Further, we explored how the selected key factors controlled the temporal variability in Vd during the three wheat growth stages (Figs. 7–9). In general, the responses of both daytime and nighttime Vd to the meteorological factors were consistent throughout the entire wheat growth season (Figs. 7 and 9).
Ambient RH influences the relative contributions of stomatal and non-stomatal processes to O3 deposition. A clear negative variation in Vd with increasing RH was observed at GC for both daytime and nighttime (Figs. 7a and 9b). Due to the negative correlation of VPD to RH (Eq. 7), high VPD was conducive to high nighttime Vd (Fig. 9c). During the daytime, this negative relationship was detected for all growth stages, while during the nighttime the decrease with RH was most evident during the G-F stage. At RH above 60 %–70 %, leaf surfaces are frequently covered by a thin liquid film or by dew water, which would inhibit stomatal dry deposition but enhance aqueous reactions of O3, leading to an enhanced relative contribution of non-stomatal deposition, albeit with high variability (Coyle et al., 2009; Lamaud et al., 2009). Under RH below 60 %, stomatal conductance contributes more to O3 deposition, which might also be negatively dependent on RH. For instance, similar negative correlations of Vd and RH were observed over wheat and maize canopies in the NCP (Zhu et al., 2014, 2015), while O3 deposition to a boreal forest revealed strong positive correlation with RH (Rannik et al., 2012), which was attributed to differences in plant varieties and the growth environment. The response of stomata to the changes in humidity is largely dependent on plant cultivars and plant water stress (Camacho et al., 1974; Rawson et al., 1977; Fanourakis et al., 2020).
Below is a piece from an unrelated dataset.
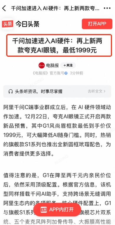 一夜之间,中国科技又给硅谷巨头们上强度了! 先是在大模型的全球对决上,阿里Qwen强势崛起,稳居全球前三,力压美国代表队Meta一头;再是7月,阿里旗下夸克宣布正式进军AI眼镜领域,再次剑指行业第一Meta。 阿里和Meta之间的渊源由来已久,只不过这次阿里拿出了更强的杀手锏,夸克AI眼镜在今天开始了新品预售,其中G1款最低到手价仅1999元,比Meta二代眼镜约2691元的售价还要低。 以Meta为开端,曾几何时还属小众赛道的智能眼镜,如今已然成为中美科技巨头重兵集结的竞技场。IDC预计,到2026年,全球AI眼镜市场出货量将突破2368.7万台,其中中国市场出货量将突破491.5万台。 但Meta的成功也给中国厂商留下了一道难题:如何在中国市场,做一款比 Meta 更实用、更舒适、更聪明的眼镜? 阿里给出的答案是,硬件是骨架,生态才是灵魂。Meta 的护城河是社交媒体,而夸克G1的杀手锏,是将阿里庞大的生态融入到每个人的日常生活中,尤其是搭载了千问AI助手,不到两千多的价格不光芯片配置不打折,更换来的是一个全天候的 AI 助理,这是比Meta更值得的尝试。 而且现在,夸克AI眼镜的产能也正在加速爬坡,相信距离到国际市场跟Meta争锋的日子不远了,面对这样一个既有技术实力又有价格优势的对手,也挺好奇Meta该如何接招呢?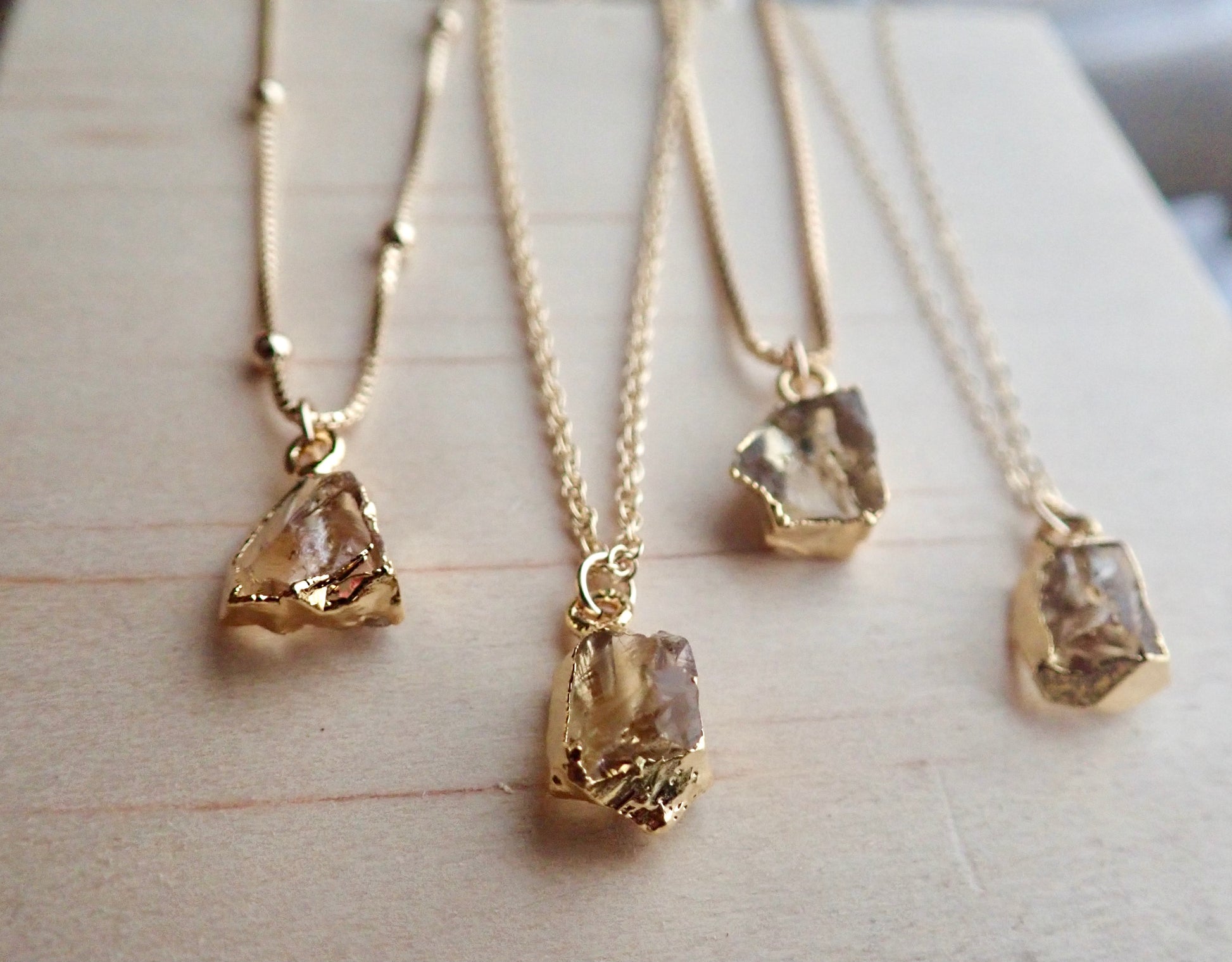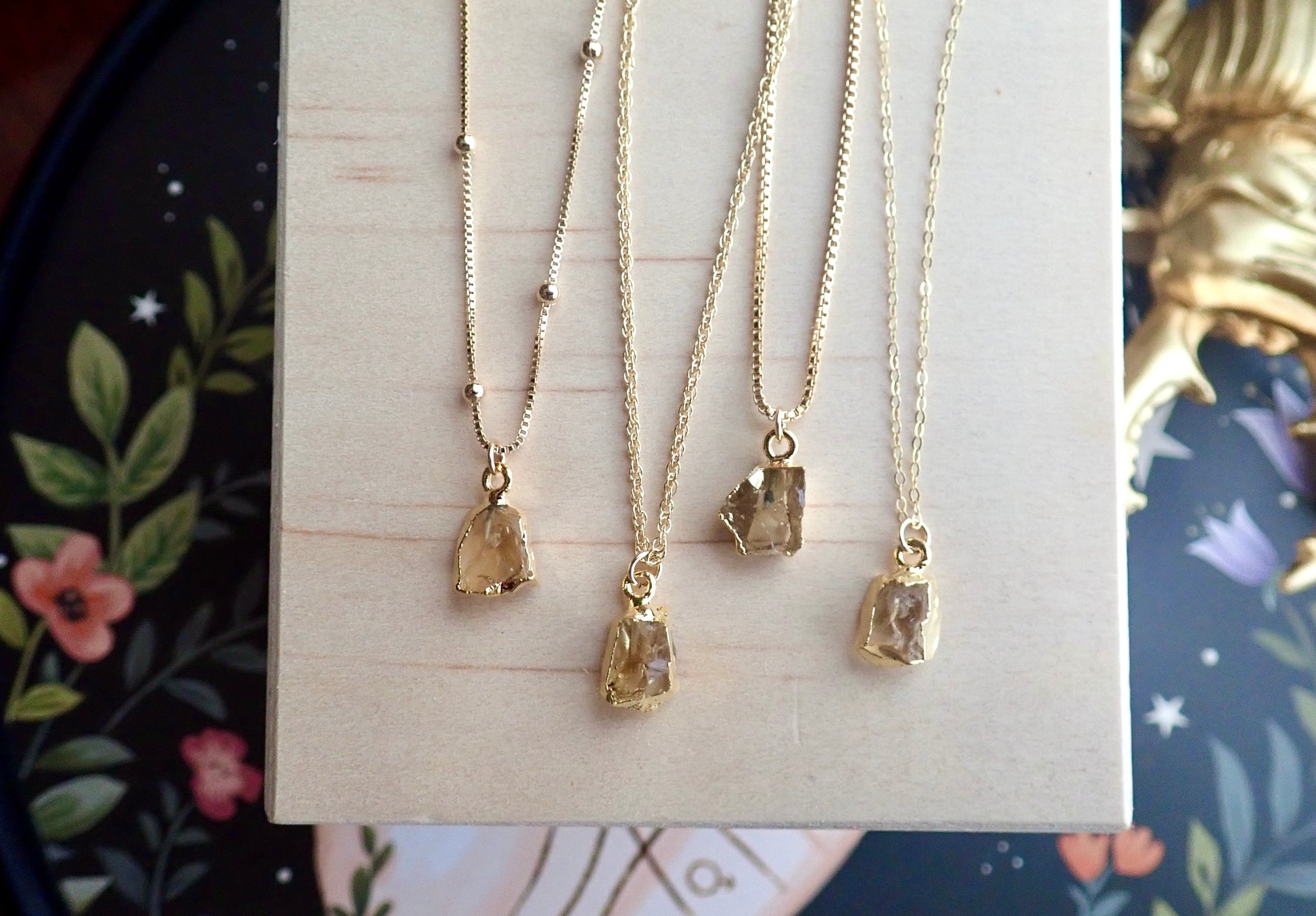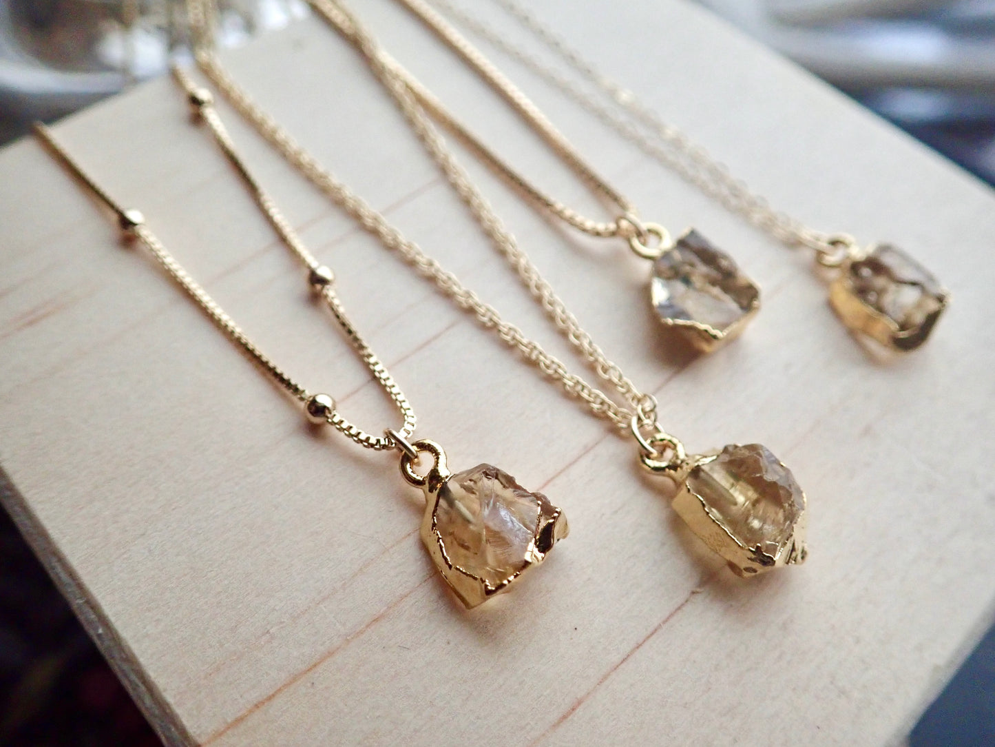 Super sweet everyday necklace in genuine raw citrine, electroplated in 14k gold. This November Birthstone stimulates the chakras like the sunlight of spring, clearing the mind and stirring the soul to action. Carrying the power of the sun, it is warm and comforting, energizing and life giving.

For example, the stomata of a drought-tolerant wheat cultivar closed rapidly with reduced humidity, whereas high-yield-cultivar stomatal conductance increased against decreasing humidity (Kudoyarova et al., 2007). The growth environment affects the aerodynamic roughness of the earth surfaces. Increased roughness could induce stronger turbulent transfer under low-humidity conditions, transporting gases more effectively to the leaf surfaces, thereby promoting O3 deposition (Liao et al., 2022).
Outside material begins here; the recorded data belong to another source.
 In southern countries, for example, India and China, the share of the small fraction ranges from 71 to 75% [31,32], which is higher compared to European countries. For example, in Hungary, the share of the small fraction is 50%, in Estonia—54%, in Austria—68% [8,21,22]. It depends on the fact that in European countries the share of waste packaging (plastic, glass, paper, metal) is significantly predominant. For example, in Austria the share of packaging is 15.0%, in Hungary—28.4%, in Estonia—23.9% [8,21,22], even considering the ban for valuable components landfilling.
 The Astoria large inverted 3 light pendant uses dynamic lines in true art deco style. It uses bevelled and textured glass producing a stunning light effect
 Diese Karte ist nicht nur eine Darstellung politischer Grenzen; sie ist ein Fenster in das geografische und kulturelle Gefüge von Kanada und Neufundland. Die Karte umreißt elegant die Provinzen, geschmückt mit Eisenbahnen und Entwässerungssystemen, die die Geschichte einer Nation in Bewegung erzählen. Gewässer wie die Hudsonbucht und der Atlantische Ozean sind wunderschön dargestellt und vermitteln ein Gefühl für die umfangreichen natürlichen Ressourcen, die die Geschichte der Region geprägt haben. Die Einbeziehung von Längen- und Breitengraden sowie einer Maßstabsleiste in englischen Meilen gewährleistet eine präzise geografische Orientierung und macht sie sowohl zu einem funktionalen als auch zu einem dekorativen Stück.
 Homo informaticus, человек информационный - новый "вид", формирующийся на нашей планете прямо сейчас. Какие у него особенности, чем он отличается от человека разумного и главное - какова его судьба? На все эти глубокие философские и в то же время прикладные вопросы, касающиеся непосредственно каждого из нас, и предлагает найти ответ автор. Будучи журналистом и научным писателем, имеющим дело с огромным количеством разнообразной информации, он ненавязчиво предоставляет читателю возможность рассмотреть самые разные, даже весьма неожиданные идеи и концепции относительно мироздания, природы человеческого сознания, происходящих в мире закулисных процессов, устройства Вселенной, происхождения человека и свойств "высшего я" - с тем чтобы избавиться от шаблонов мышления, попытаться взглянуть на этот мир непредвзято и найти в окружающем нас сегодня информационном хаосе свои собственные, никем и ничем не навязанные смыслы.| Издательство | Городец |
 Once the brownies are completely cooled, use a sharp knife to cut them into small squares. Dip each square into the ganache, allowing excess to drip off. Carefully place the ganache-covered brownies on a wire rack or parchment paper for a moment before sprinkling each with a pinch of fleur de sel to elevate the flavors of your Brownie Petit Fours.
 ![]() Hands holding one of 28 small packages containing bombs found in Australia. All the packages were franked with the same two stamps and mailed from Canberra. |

Strong turbulence (represented by elevated u∗) can transport O3 more efficiently to the surface (Cape et al., 2009); thus Vd almost linearly increased with u∗ (Figs. 7b and 9d). The sensitivity of Vd to u∗ was also affected by LAI, with daytime Vd under similar levels of u∗ being significantly higher under higher LAI (Fig. 8a and Table S3 in the Supplement). High LAI indicates dense vegetation coverage and potential large stomatal conductance, which can provide more active (stomatal and cuticular) areas for the uptake of O3, further promoting O3 deposition. PAR had a positive effect on O3 deposition during the observation period (Fig. 7c). On the one hand, increasing PAR induces automatic leaf stomatal opening, thereby determining stomatal conductance and net photosynthesis (Yu et al., 2004) and affecting the stomatal O3 uptake (Tong et al., 2015). On the other hand, PAR (also reflecting radiation intensity) affects O3 photochemistry directly by accelerating atmospheric photolysis reactions both above and within the canopy and indirectly by influencing the emission of biogenic VOCs (Yang et al., 2021; van Meeningen et al., 2017; Yuan et al., 2016), thus disturbing the distributions of O3 and its precursors and contributing to non-stomatal O3 fluxes through surface processes (Fares et al., 2008; Cape et al., 2009). Positive dependencies of Vd on u∗ and PAR were observed over other crop fields (such as wheat, maize and potato) (Coyle et al., 2009; Zhu et al., 2014, 2015). In addition, both TAir and TSoil exhibited weak relationships with nighttime Vd (Fig. 9a and e), which were different from the reported positive correlations between temperature and Vd (Coyle et al., 2009; Rannik et al., 2012). These imply the variability and complexity of O3 deposition affected by the combined influences of various environmental factors.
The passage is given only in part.